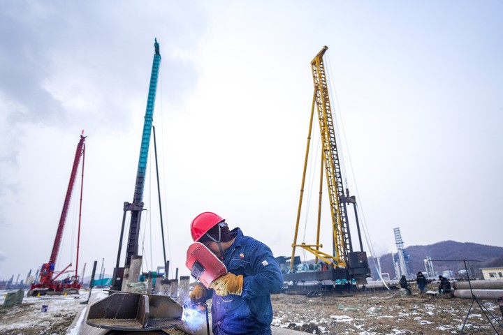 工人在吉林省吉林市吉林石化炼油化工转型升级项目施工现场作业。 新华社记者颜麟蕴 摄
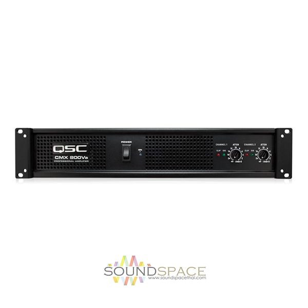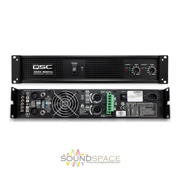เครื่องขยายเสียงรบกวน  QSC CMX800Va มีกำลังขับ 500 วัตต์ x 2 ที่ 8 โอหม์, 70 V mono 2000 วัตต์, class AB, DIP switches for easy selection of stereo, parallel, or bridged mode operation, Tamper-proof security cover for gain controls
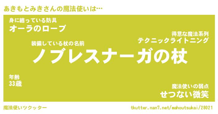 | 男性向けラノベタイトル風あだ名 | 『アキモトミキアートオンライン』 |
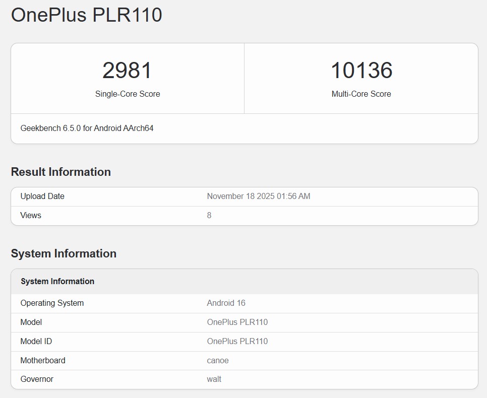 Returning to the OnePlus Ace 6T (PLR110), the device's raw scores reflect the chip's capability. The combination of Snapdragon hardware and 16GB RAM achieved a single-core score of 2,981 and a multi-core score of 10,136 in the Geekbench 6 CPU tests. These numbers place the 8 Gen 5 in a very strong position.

==

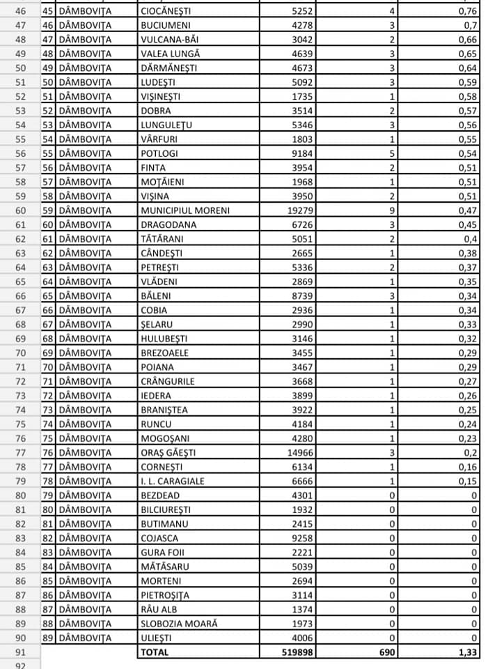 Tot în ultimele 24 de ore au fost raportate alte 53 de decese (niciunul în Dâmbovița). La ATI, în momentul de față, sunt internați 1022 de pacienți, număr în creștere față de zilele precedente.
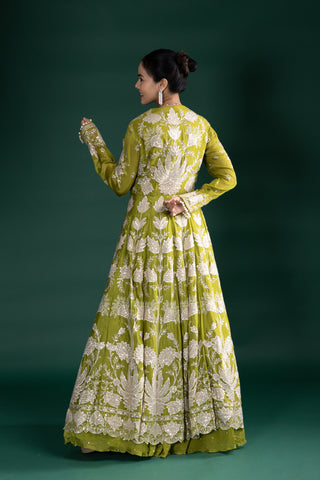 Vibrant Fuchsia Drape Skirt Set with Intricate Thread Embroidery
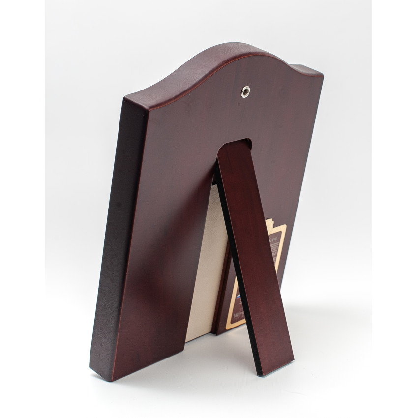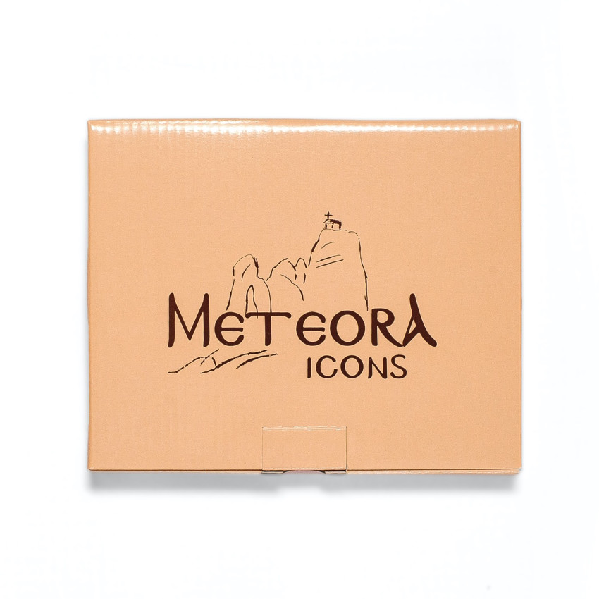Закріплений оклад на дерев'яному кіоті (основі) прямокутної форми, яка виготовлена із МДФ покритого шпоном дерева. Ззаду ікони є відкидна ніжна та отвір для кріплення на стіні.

ASSIGNED TASK :: Reproduce the lines above beginning at the line that contains "เครื่องขยายเสียงรบกวน  QSC CMX800Va มีกำลังขับ 500" and ending at the line that contains "男性向けラノベタイトル風あだ名 | 『アキモトミキアートオンライン』 |". No pictures.

OUTPUT OF THE TASK ::
เครื่องขยายเสียงรบกวน  QSC CMX800Va มีกำลังขับ 500 วัตต์ x 2 ที่ 8 โอหม์, 70 V mono 2000 วัตต์, class AB, DIP switches for easy selection of stereo, parallel, or bridged mode operation, Tamper-proof security cover for gain controls
 | 男性向けラノベタイトル風あだ名 | 『アキモトミキアートオンライン』 |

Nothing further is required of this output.